▸ Task brief: Please reproduce the data exactly, though every picture must stay out.
The data Block Start
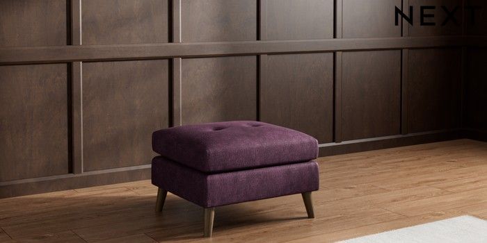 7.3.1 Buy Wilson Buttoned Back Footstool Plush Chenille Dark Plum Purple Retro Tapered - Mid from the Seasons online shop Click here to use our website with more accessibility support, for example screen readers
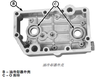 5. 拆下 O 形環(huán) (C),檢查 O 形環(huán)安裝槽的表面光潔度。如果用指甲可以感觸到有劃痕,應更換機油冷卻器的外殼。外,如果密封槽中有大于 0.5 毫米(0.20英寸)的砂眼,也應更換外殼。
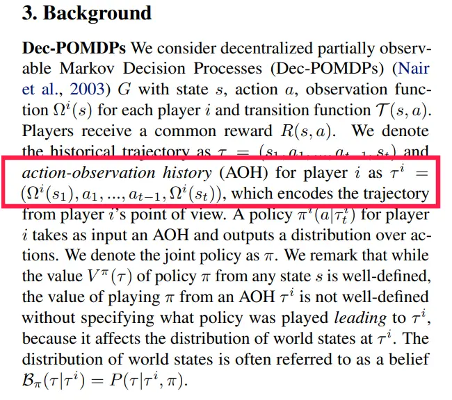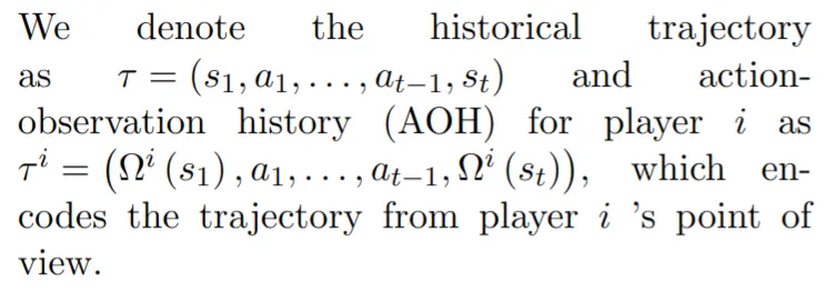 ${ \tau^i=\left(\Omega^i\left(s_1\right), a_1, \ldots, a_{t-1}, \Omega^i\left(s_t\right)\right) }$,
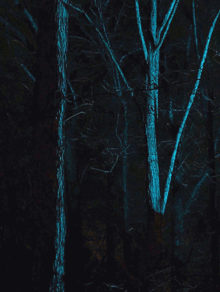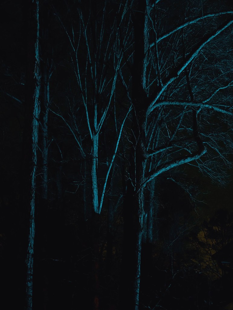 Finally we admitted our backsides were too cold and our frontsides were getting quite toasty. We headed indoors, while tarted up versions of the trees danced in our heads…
The data Block End
▸ Answer below:
 7.3.1 Buy Wilson Buttoned Back Footstool Plush Chenille Dark Plum Purple Retro Tapered - Mid from the Seasons online shop Click here to use our website with more accessibility support, for example screen readers
 5. 拆下 O 形環(huán) (C),檢查 O 形環(huán)安裝槽的表面光潔度。如果用指甲可以感觸到有劃痕,應更換機油冷卻器的外殼。外,如果密封槽中有大于 0.5 毫米(0.20英寸)的砂眼,也應更換外殼。
 ${ \tau^i=\left(\Omega^i\left(s_1\right), a_1, \ldots, a_{t-1}, \Omega^i\left(s_t\right)\right) }$,
 Finally we admitted our backsides were too cold and our frontsides were getting quite toasty. We headed indoors, while tarted up versions of the trees danced in our heads…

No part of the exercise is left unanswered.